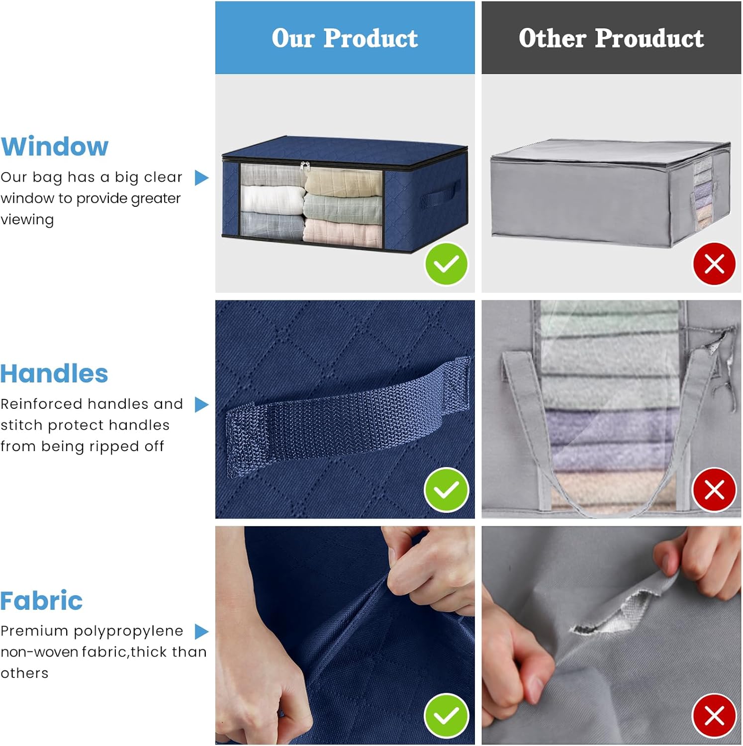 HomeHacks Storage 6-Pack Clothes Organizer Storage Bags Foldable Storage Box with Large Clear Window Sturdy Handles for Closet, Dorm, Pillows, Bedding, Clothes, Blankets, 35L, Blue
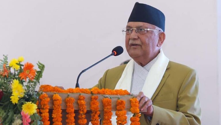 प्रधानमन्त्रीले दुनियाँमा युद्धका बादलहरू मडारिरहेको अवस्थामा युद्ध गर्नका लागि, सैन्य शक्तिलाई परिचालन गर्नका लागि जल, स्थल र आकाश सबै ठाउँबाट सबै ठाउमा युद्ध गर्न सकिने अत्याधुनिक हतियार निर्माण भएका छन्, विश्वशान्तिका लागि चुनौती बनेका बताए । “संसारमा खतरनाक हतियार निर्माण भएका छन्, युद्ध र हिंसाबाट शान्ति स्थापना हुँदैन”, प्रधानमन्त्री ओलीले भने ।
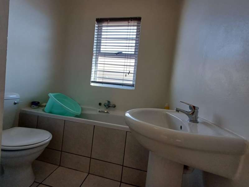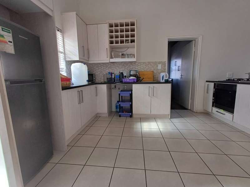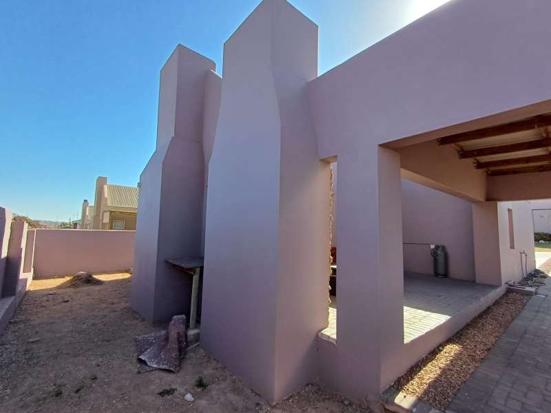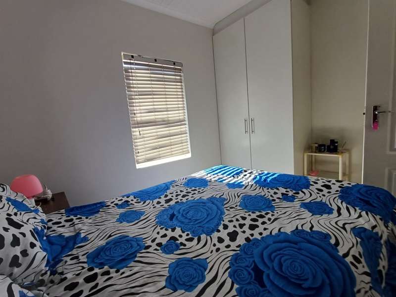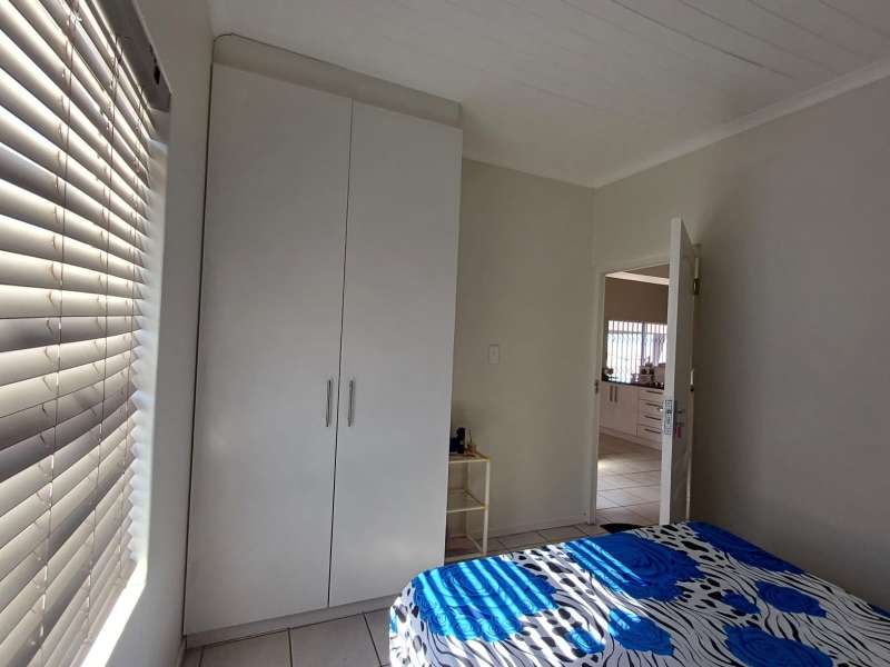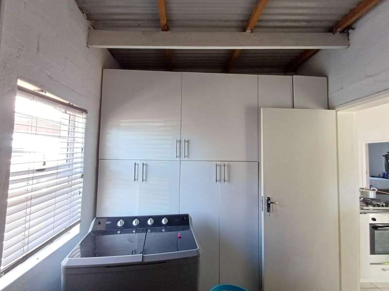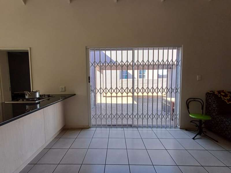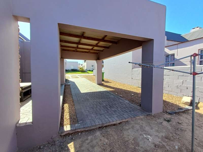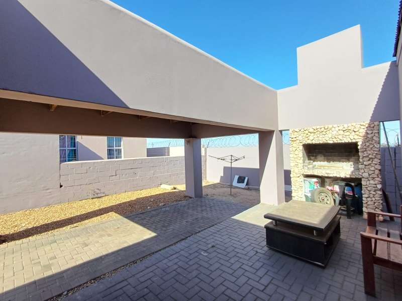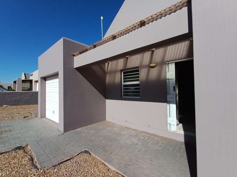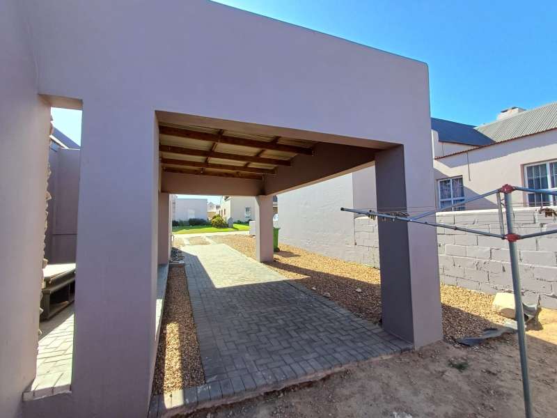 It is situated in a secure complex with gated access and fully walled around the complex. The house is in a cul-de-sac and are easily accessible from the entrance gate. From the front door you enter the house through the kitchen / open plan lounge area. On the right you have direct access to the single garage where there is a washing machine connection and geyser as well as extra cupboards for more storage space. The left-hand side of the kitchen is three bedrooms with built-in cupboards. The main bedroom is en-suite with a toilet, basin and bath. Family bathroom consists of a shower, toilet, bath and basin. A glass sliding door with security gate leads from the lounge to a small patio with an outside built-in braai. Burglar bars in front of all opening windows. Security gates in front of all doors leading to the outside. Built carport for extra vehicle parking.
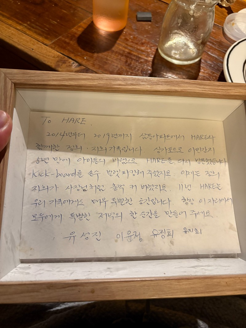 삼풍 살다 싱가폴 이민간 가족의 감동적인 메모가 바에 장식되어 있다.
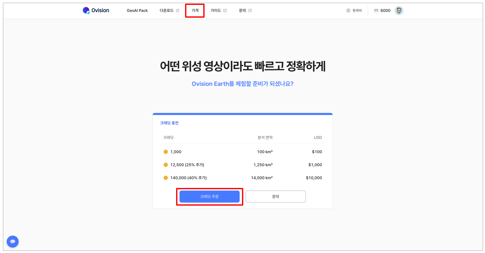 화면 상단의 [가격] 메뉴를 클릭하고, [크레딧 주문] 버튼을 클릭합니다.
* * *
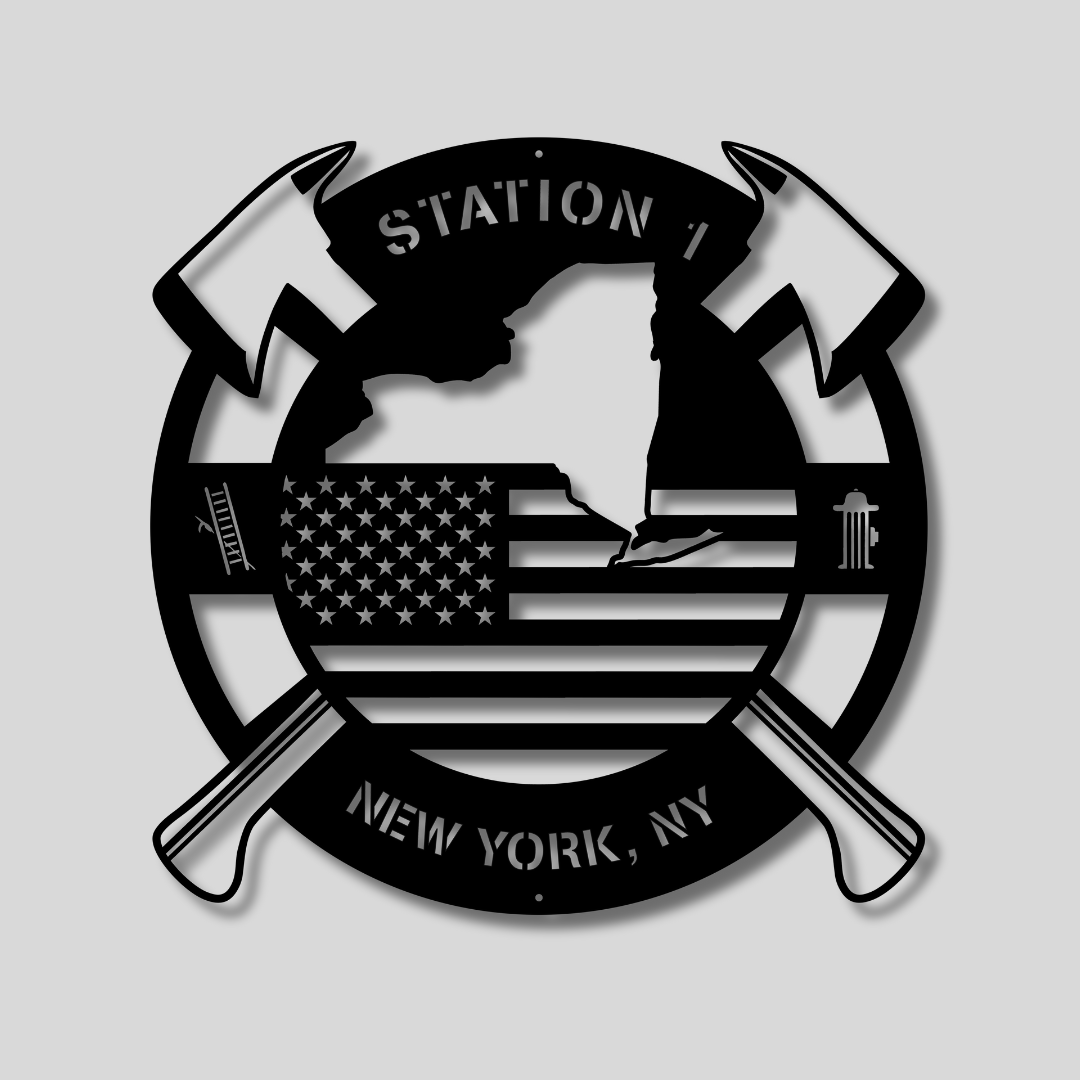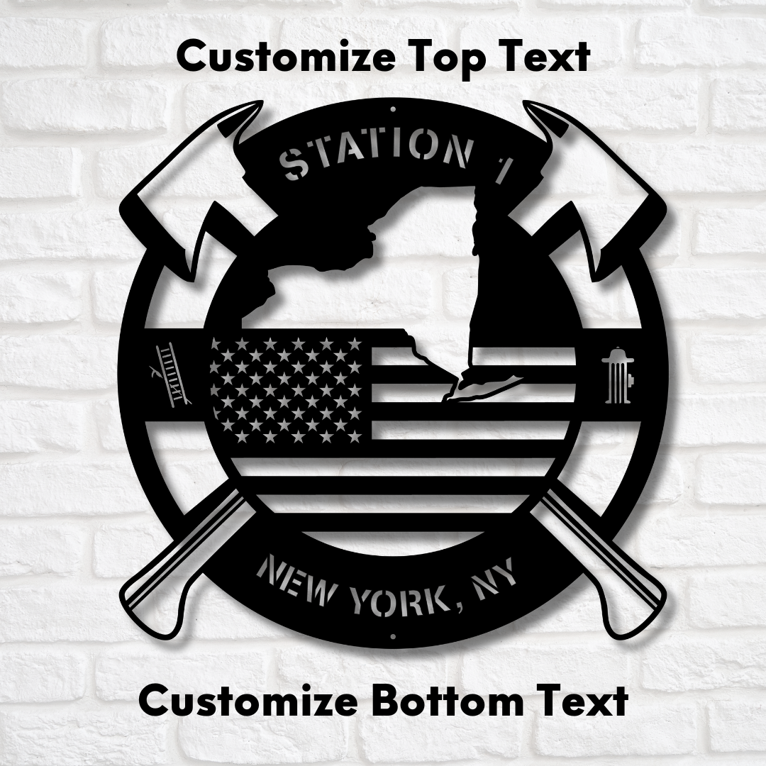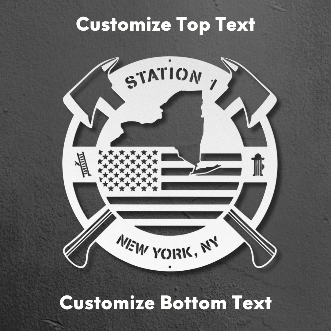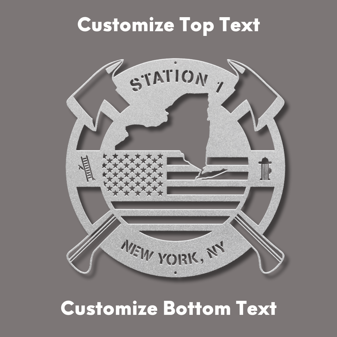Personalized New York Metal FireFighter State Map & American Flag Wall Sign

[HOW TO COMPLETE THIS TASK]: Please copy out from the data above, without any picture, exactly the lines running from the one that holds "HomeHacks Storage 6-Pack" through the one that holds "प्रधानमन्त्रीले दुनियाँमा युद्धका", and nothing beyond them.

[REPLY TO THE TASK]:
 HomeHacks Storage 6-Pack Clothes Organizer Storage Bags Foldable Storage Box with Large Clear Window Sturdy Handles for Closet, Dorm, Pillows, Bedding, Clothes, Blankets, 35L, Blue
 प्रधानमन्त्रीले दुनियाँमा युद्धका बादलहरू मडारिरहेको अवस्थामा युद्ध गर्नका लागि, सैन्य शक्तिलाई परिचालन गर्नका लागि जल, स्थल र आकाश सबै ठाउँबाट सबै ठाउमा युद्ध गर्न सकिने अत्याधुनिक हतियार निर्माण भएका छन्, विश्वशान्तिका लागि चुनौती बनेका बताए । “संसारमा खतरनाक हतियार निर्माण भएका छन्, युद्ध र हिंसाबाट शान्ति स्थापना हुँदैन”, प्रधानमन्त्री ओलीले भने ।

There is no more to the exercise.